My last post was full of passion and vigor. This post may be a bit anti-climactic.
We have made great progress on our trek to 21 days of submission. However, so many frustrating and better yet, exciting things have happened since then. Since this is a spanking blog, I will spare you all of the boring details and get to the important stuff.
I have felt the sting of the paddle, belt and flogger recently. Some of them were playful, some of them in blissful submission and a few more were necessary punishments. In side news, I am working on trying to keep my bum in top form. I have looked around and read what others do for a spanked bottom and I have developed my own routine.
I find that its important that I exfoliate and I like using sea salt scrubs. I also like using essential oils after a warm bath and gentle exfoliation. Not too in-depth, but I am working on perfecting it.
In terms of becoming extra submissive over the last 21 days…It has been a merry-go-round of business meetings, disrupted friendships, intense work conditions and massive change all around. All of that coupled with some legal battles and a million extra things to do, it has been difficult to maintain that kind of time commitment.

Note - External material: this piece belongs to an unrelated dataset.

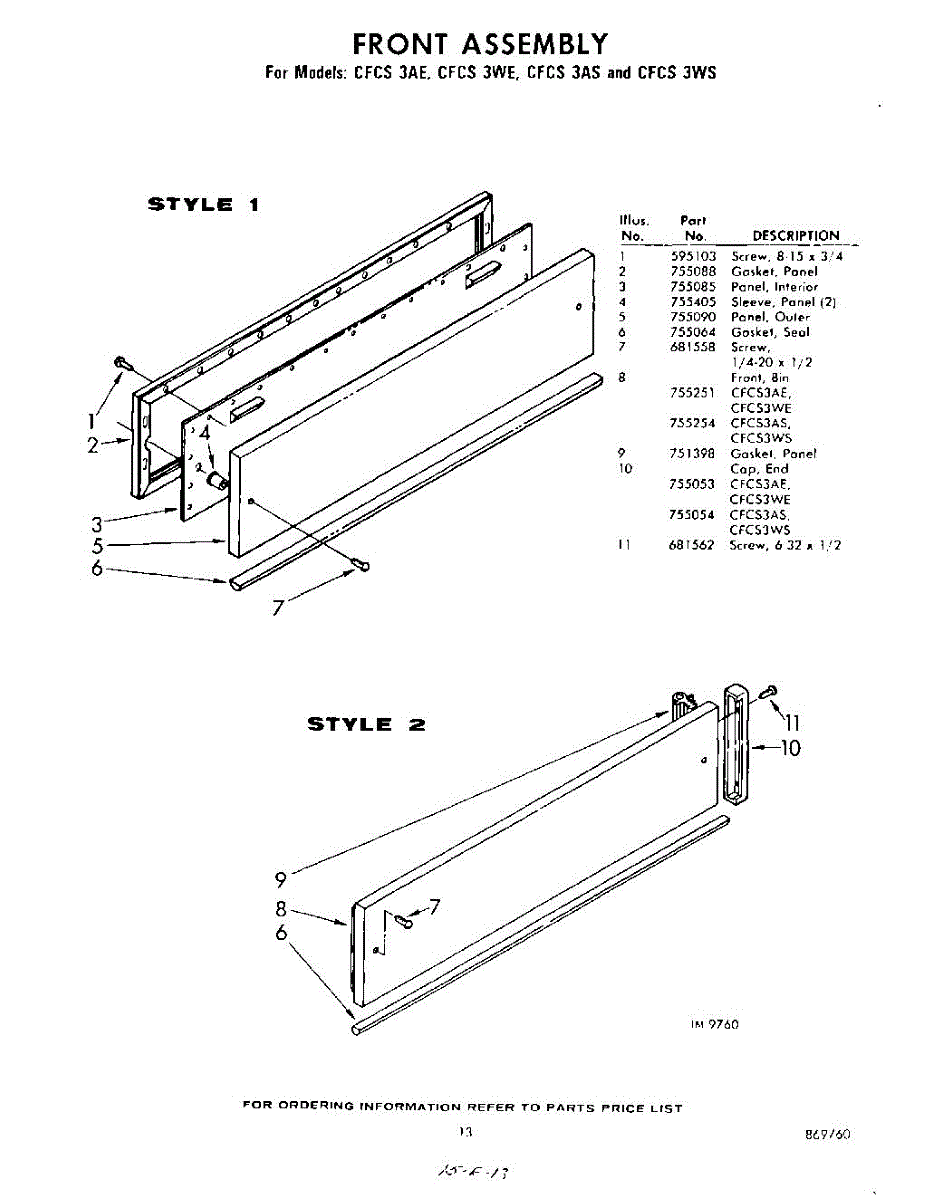 Parts for Whirlpool CFCS3WS: 13 - Front Parts
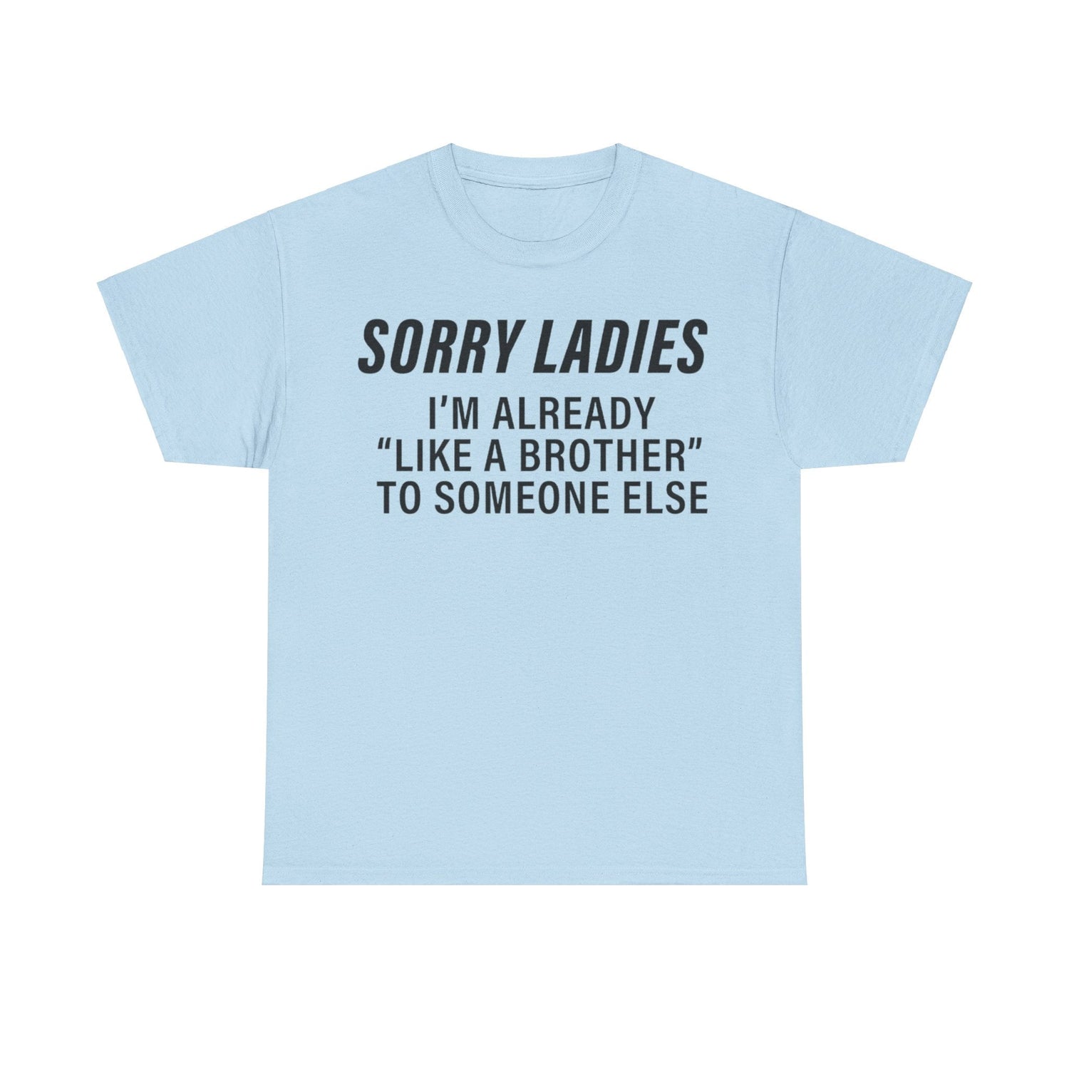 Sorry Ladies I’m Already Like a Brother to Someone Else Funny T-Shirt – Hilarious Meme Tee - Light Blue / S is backordered and will ship as soon as it is back in stock.

The sex is still there. It is still incredibly sensual and intimate. There has been so much powerful energy coursing through both of us from every angle of life, that sexual release has become something of an escape for us. The one place, in each other’s arms, is where we both feel safe and know that despite the tension and uncertainty, we have so much to be thankful for and so much to look forward to. There have been fights and inconsistencies on both of our parts due to life catching up with us and demanding more of our energy. It is nice to be able to get together and bang the angry out of each other.
Communication is still the number one critical factor. Constructive communication is the one element of our relationship (and I would guess most everyone’s) that needs to be constantly fostered and enriched. It can be so hard to do that when life’s highs and lows are coming hard and fast like baseballs out of an automatic pitching machine. I began to wonder if we had failed or that we couldn’t go on just because our 21 days didn’t go exactly as planned. But…do we quit being married when we get in a fight? Do we stop driving forever after we get a flat tire? Do the kids stop going to school forever if they get snowed in for a few days? Nope. So neither do we.
Anyone who tries to prescribe an exact formula for your relationship hasn’t lived in your relationship. I will never profess that the way we do things is somehow superior to the way that anyone else does their thing. If it works, it works. And in our case, it is a constant evolution that comes and goes like the tides. Moods and scenarios are seemingly cyclical, and I understand that the problem I face today may be the opportunity that knocks tomorrow. What I know for sure is constant – I want to be involved in the most passionate relationship possible. I have it, although it is constantly under construction. Somewhere, up in the scaffolding, is the solid realization that I will forever cherish this man and want to be the best I can be for him and myself. My love for JP is rock solid.
And so is something else…so I gotta get going and enjoy some tension relief.